**Exercise objective**: Transcribe the entries below exactly; leave every image out.

**Records provided**:
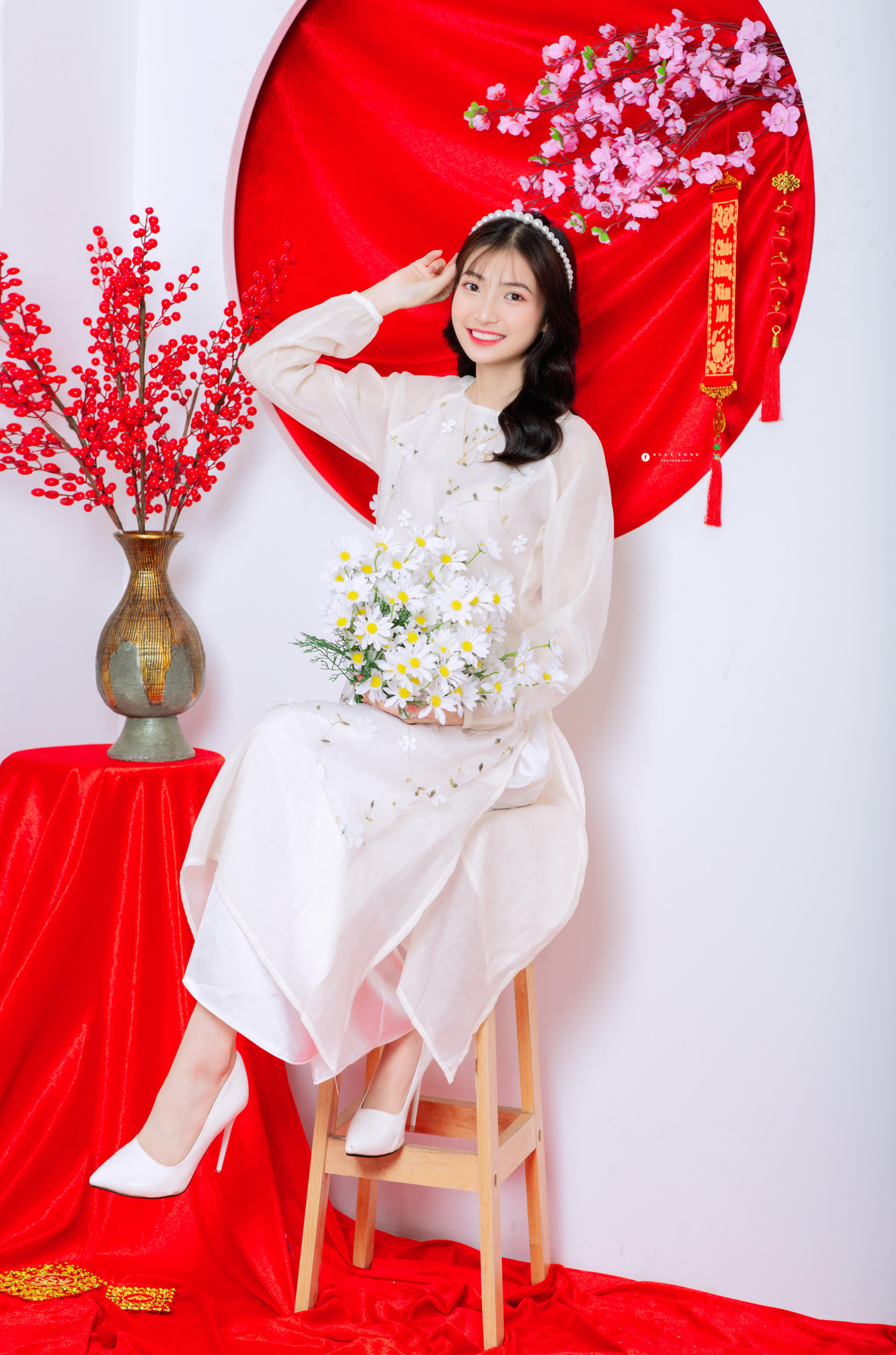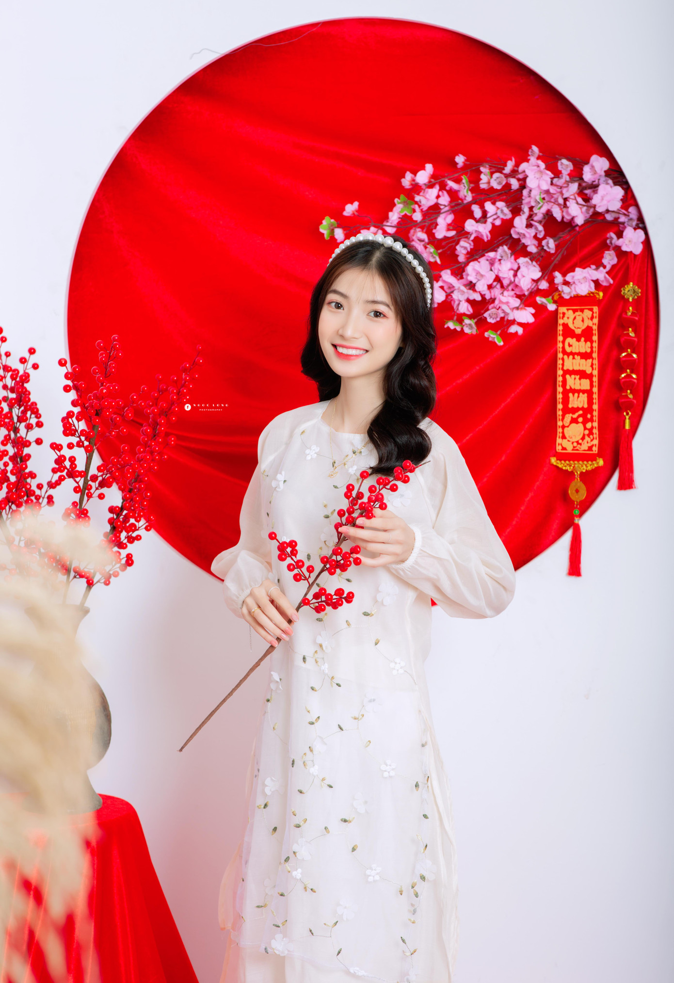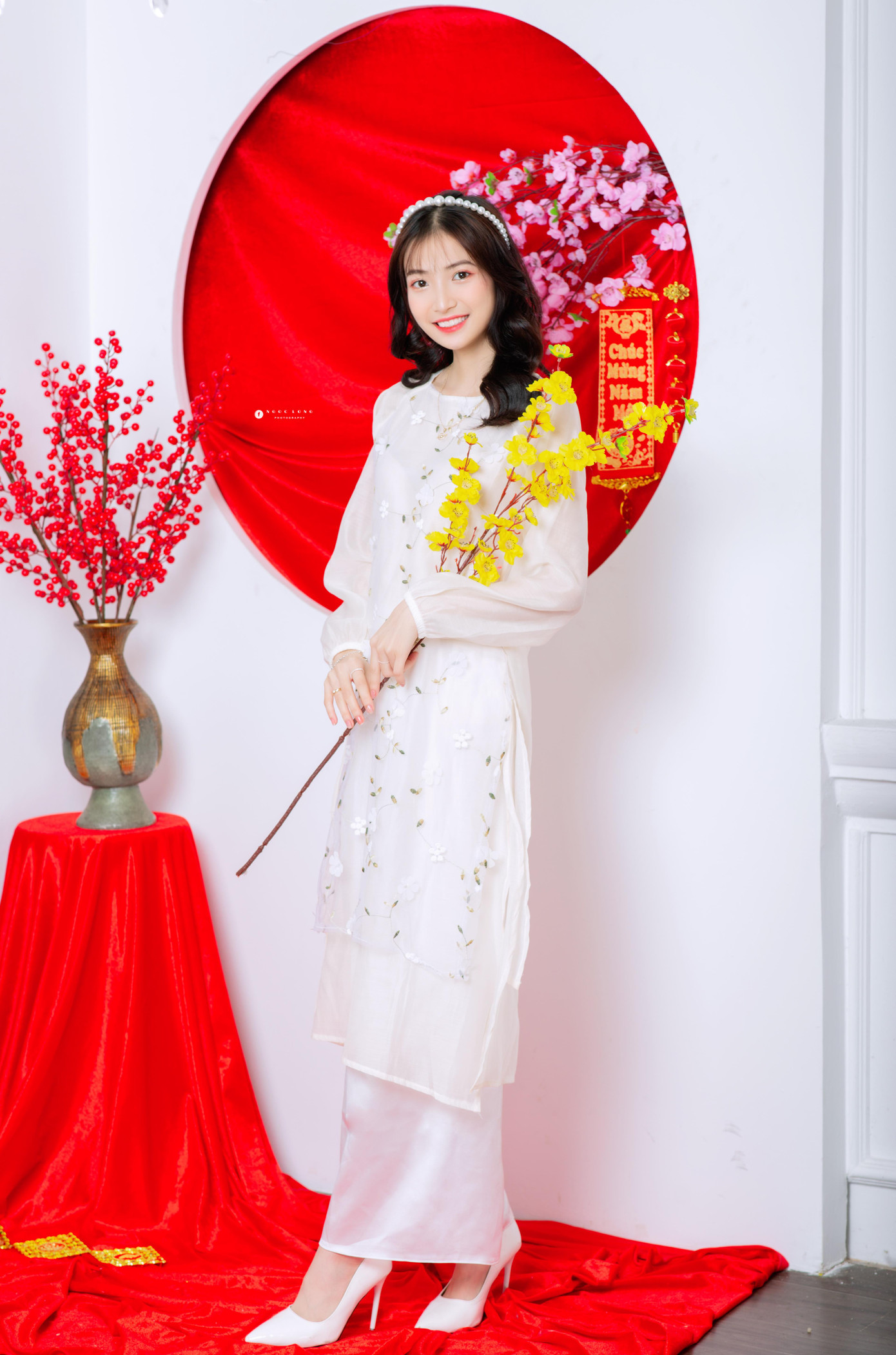 Trong khoảnh khắc chào năm mới, Bình Bơ khiến cộng đồng mạng khó lòng rời mắt khi xuất hiện trong tà áo dài thướt tha. Qua bộ ảnh này, nữ sinh muốn truyền tải sự vui vẻ, hạnh phúc và may mắn đến mọi người.
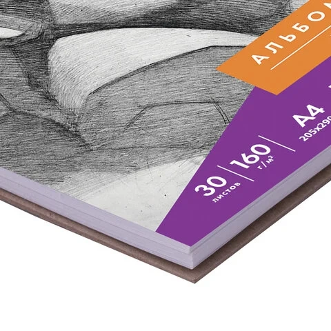 Привлекательная обложка выполнена из импортного мелованного картона. В блокноте 30 белоснежных листов плотностью 160 г/м2, т.е. 30 возможностей воплотить свою задумку! Листы удобно скреплены спиралью - это позволяет переворачивать их на 180 градусов. Задняя подложка жесткая, что позволит делать зарисовки и наброски 'на весу'. Удобный формат размером 205х290 мм.
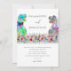 Adicione um rugido de excitação ao seu casamento com este convite de casamento divertido e colorido com tema de dinossauros. Com um encantador casal de T-Rex noivo e noiva orgulhosamente em pé em um deslumbrante prado de flores silvestres em aquarela, este convite explode com tons vibrantes de azul, roxo, rosa, vermelho, amarelo e verde, assim como a sua história de amor. O casal de dinossauros brincalhões, ilustrado em um estilo encantador e caprichoso, define o tom perfeito para uma celebração jurássica leve e divertida.
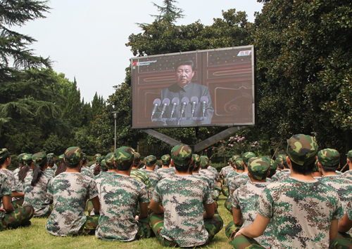 为胜利喝彩——2014级军训学生集体观看抗战胜利70周年纪念大会直播
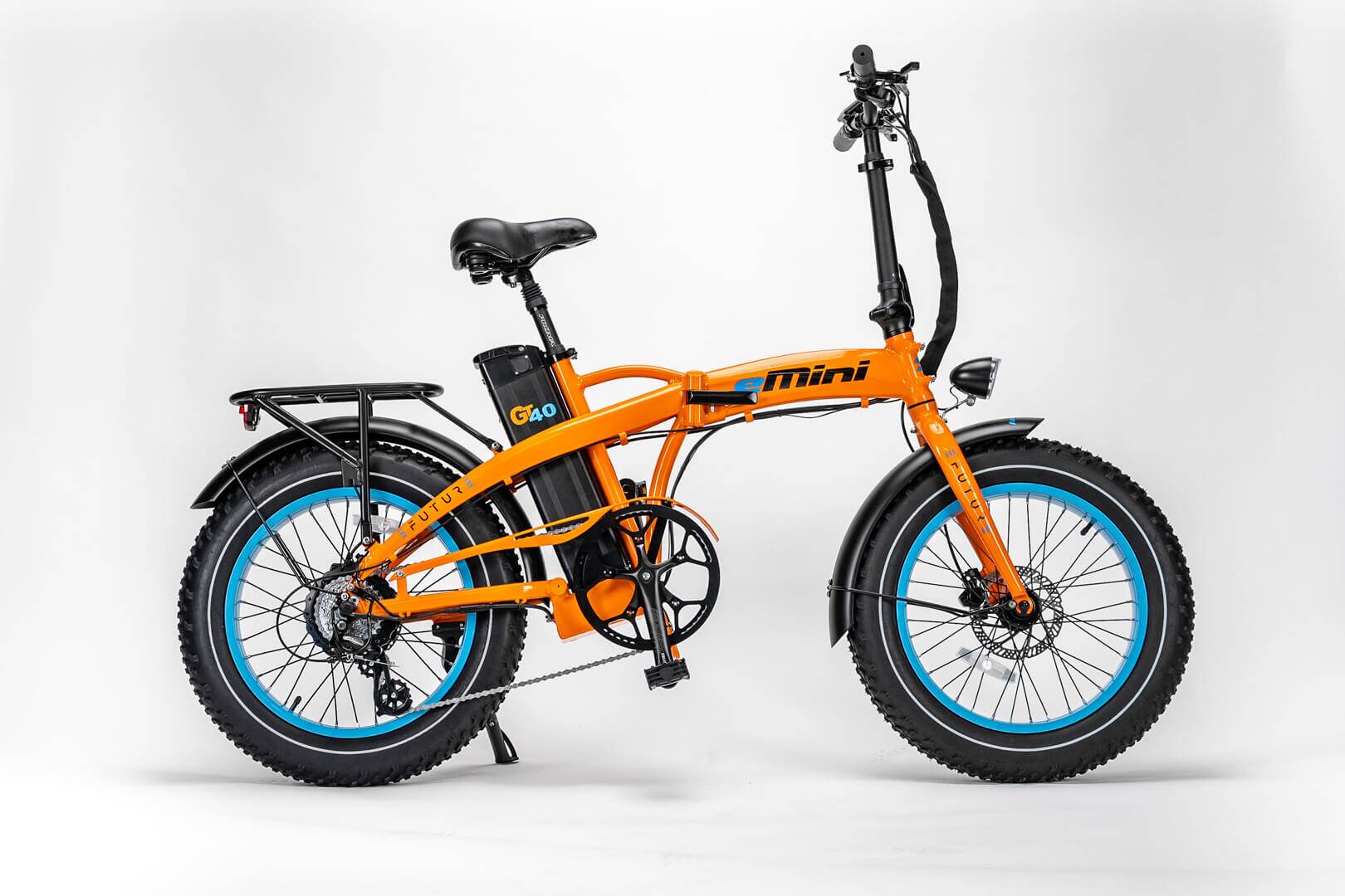 eMini GT40 er bygget med aerodynamisk stel og store fatbike dæk – desuden er den udstyret med 48V batteri og el-system. eMini GT40 kan foldes sammen, og er derfor let at tage med på ferie. Batteriet kan let afmonteres, og tages med ind for at lade – det bliver ikke meget lettere. Elcyklen har en rækkevidde på 40-60km med standard batteri – dette afhænger dog af forskellige faktorer. Cyklen er udstyret med front lys, Shimano gear og 20″ Fatbike dæk. Indstigningshøjden er 67cm.
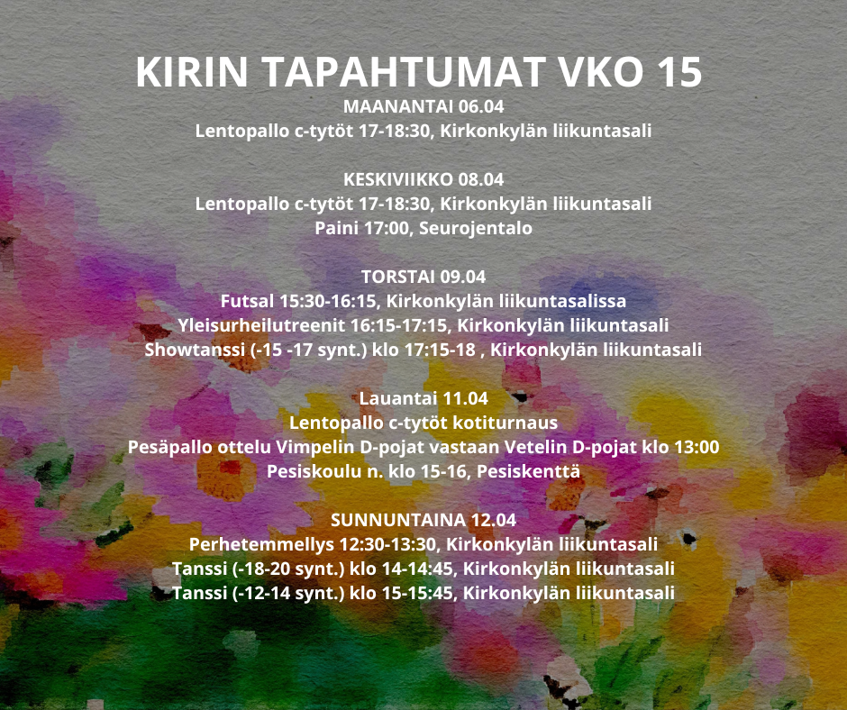 Perhon Kiri ry toimii urheilun yleisseurana. Seuran lajeihin kuuluvat hiihto, paini, suunnistus ja yleisurheilu sekä joukkuelajeina pesäpallo ja lentopallo.

**Task answer**:
 Trong khoảnh khắc chào năm mới, Bình Bơ khiến cộng đồng mạng khó lòng rời mắt khi xuất hiện trong tà áo dài thướt tha. Qua bộ ảnh này, nữ sinh muốn truyền tải sự vui vẻ, hạnh phúc và may mắn đến mọi người.
 Привлекательная обложка выполнена из импортного мелованного картона. В блокноте 30 белоснежных листов плотностью 160 г/м2, т.е. 30 возможностей воплотить свою задумку! Листы удобно скреплены спиралью - это позволяет переворачивать их на 180 градусов. Задняя подложка жесткая, что позволит делать зарисовки и наброски 'на весу'. Удобный формат размером 205х290 мм.
 Adicione um rugido de excitação ao seu casamento com este convite de casamento divertido e colorido com tema de dinossauros. Com um encantador casal de T-Rex noivo e noiva orgulhosamente em pé em um deslumbrante prado de flores silvestres em aquarela, este convite explode com tons vibrantes de azul, roxo, rosa, vermelho, amarelo e verde, assim como a sua história de amor. O casal de dinossauros brincalhões, ilustrado em um estilo encantador e caprichoso, define o tom perfeito para uma celebração jurássica leve e divertida.
 为胜利喝彩——2014级军训学生集体观看抗战胜利70周年纪念大会直播
 eMini GT40 er bygget med aerodynamisk stel og store fatbike dæk – desuden er den udstyret med 48V batteri og el-system. eMini GT40 kan foldes sammen, og er derfor let at tage med på ferie. Batteriet kan let afmonteres, og tages med ind for at lade – det bliver ikke meget lettere. Elcyklen har en rækkevidde på 40-60km med standard batteri – dette afhænger dog af forskellige faktorer. Cyklen er udstyret med front lys, Shimano gear og 20″ Fatbike dæk. Indstigningshøjden er 67cm.
 Perhon Kiri ry toimii urheilun yleisseurana. Seuran lajeihin kuuluvat hiihto, paini, suunnistus ja yleisurheilu sekä joukkuelajeina pesäpallo ja lentopallo.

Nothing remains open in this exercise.